[Data shown]
↓↓↓
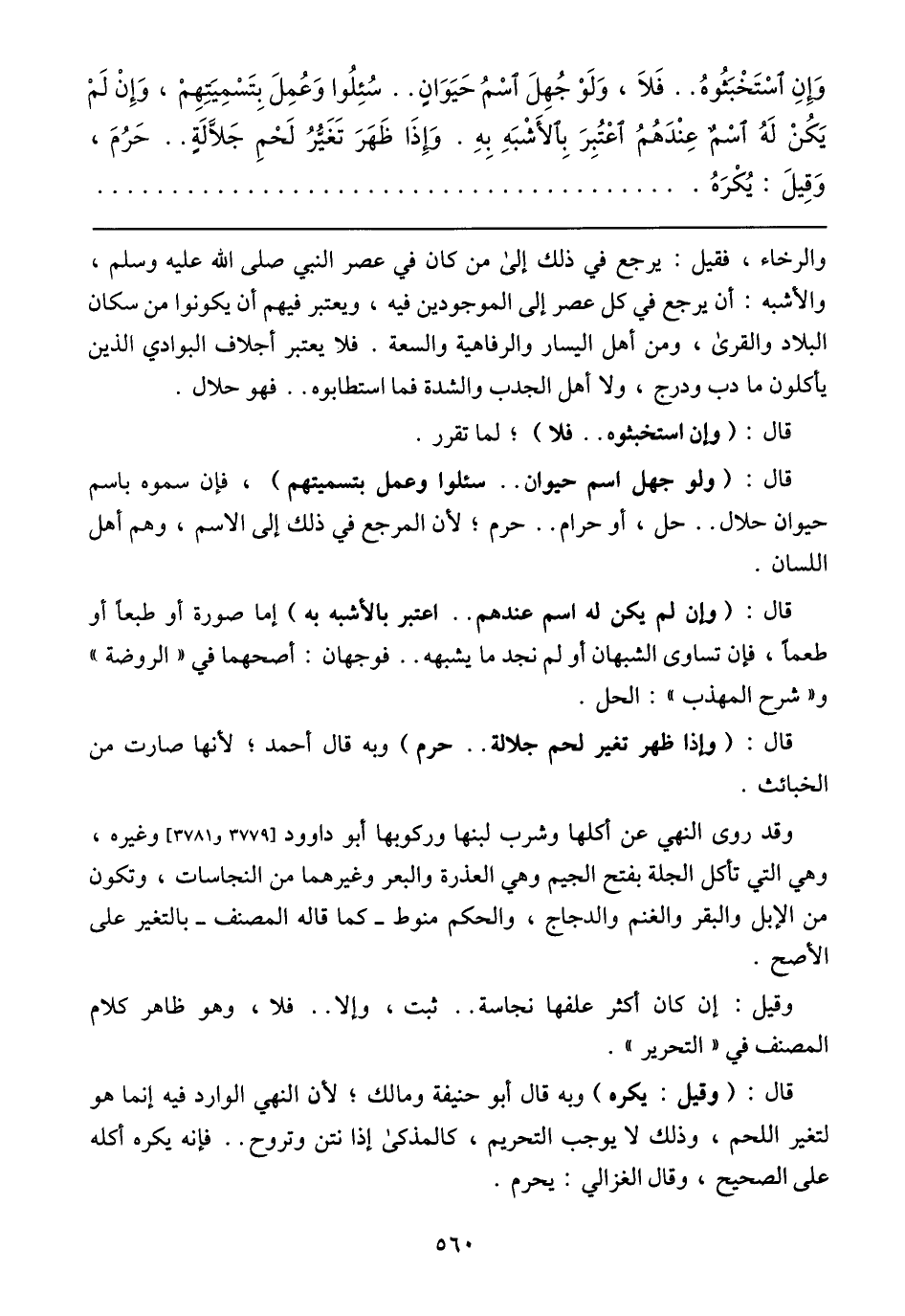 وَإِنْ اسْتَخْبَثُوهُ .. فَلاَ، وَلَوْ جُهِلَ اسْمُ حَيَوَانٍ .. سُئِلُوا وَعُمِلَ بِتَسْمِيَتِهِمْ، وَإِنْ لَمْ يَكُنْ لَهُ اسْمٌ عِنْدَهُمُ اعْتُبِرَ بِالأَشْبَهِ بِهِ. وَإِذَا ظَهَرَ تَغَيُّرُ لَحْمِ جَلاَّلَةٍ .. حَرُمَ، وَقِيلَ: يُكْرَهُ
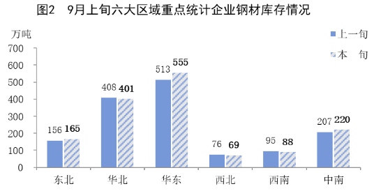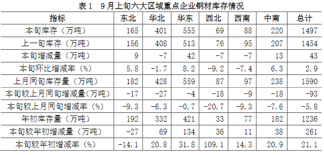 9月上旬,西北、西南、華北地區(qū)重點企業(yè)鋼材庫存較上一旬出現(xiàn)不同程度下降,其他地區(qū)有所增加,具體情況為:
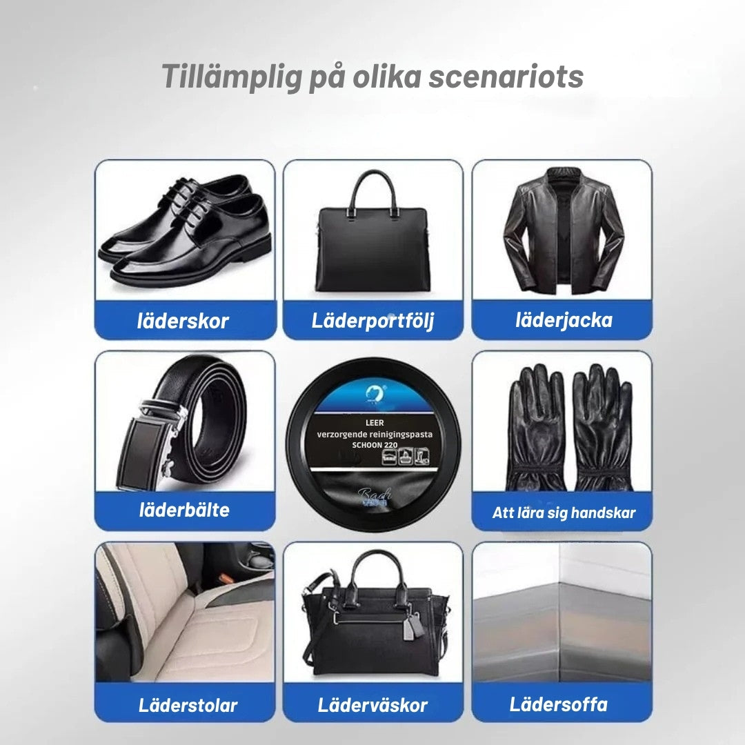 Slitet läder? Inte nödvändigt. Med LäderGlans rengöringskräm ger du dina lädermöbler, väskor eller bilsäten ett nytt liv. En enkel behandling rengör, vårdar och skyddar – så att ditt läder glänser som på första dagen.
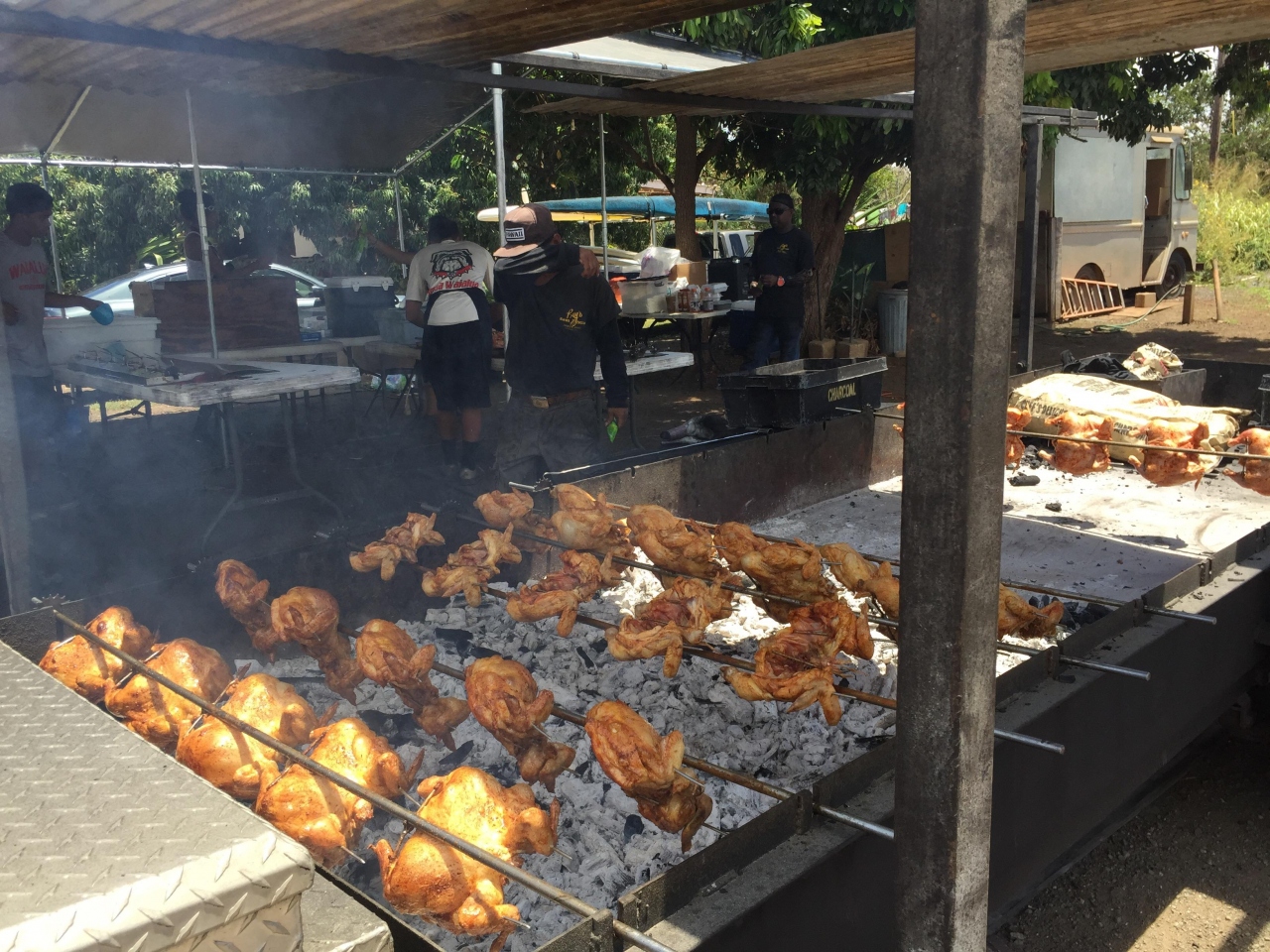 土日のみ、スーパーの駐車場で営業する鶏肉のバーベキュー。
↑↑↑
[About this task]
Copy out exactly the lines that run from the line containing "9月上旬,西北、西南、華北地" through the last line of the material, and nothing more; omit the pictures.

[Answer to this task]
 9月上旬,西北、西南、華北地區(qū)重點企業(yè)鋼材庫存較上一旬出現(xiàn)不同程度下降,其他地區(qū)有所增加,具體情況為:
 Slitet läder? Inte nödvändigt. Med LäderGlans rengöringskräm ger du dina lädermöbler, väskor eller bilsäten ett nytt liv. En enkel behandling rengör, vårdar och skyddar – så att ditt läder glänser som på första dagen.
 土日のみ、スーパーの駐車場で営業する鶏肉のバーベキュー。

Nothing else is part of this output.